(Beginning of DATA EXTRACT)

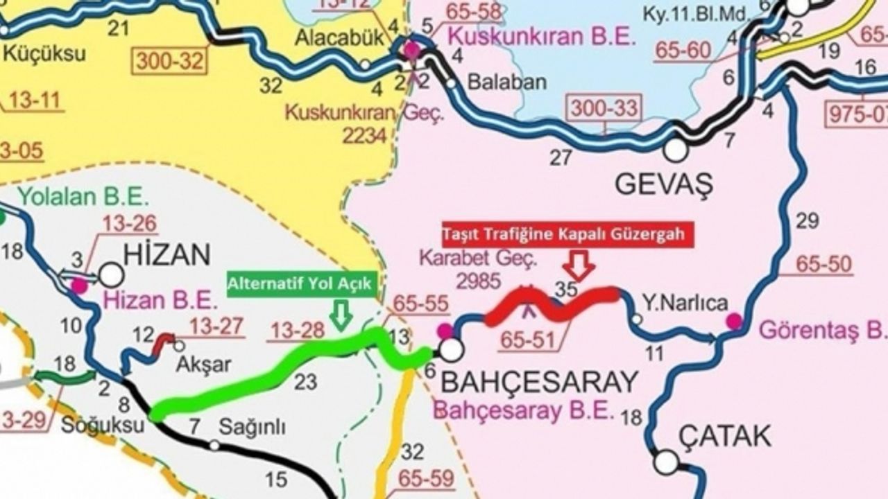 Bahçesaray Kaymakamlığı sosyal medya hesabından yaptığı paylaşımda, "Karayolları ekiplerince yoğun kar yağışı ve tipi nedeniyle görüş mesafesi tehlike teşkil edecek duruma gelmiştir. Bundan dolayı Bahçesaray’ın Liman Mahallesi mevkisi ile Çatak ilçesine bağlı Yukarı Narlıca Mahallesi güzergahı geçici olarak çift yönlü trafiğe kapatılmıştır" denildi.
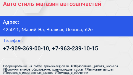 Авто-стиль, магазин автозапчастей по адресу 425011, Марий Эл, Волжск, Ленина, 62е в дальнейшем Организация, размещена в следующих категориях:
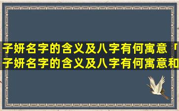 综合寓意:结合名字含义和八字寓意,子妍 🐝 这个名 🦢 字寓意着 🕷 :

(End of DATA EXTRACT)

## EXERCISE DETAILS
Beginning with the line that contains "Авто-стиль, магазин автозапчастей" in the data above, please copy each line exactly until the last line, both ends included, skipping any pictures.

## SOLUTION TO THIS EXERCISE
 Авто-стиль, магазин автозапчастей по адресу 425011, Марий Эл, Волжск, Ленина, 62е в дальнейшем Организация, размещена в следующих категориях:
 综合寓意:结合名字含义和八字寓意,子妍 🐝 这个名 🦢 字寓意着 🕷 :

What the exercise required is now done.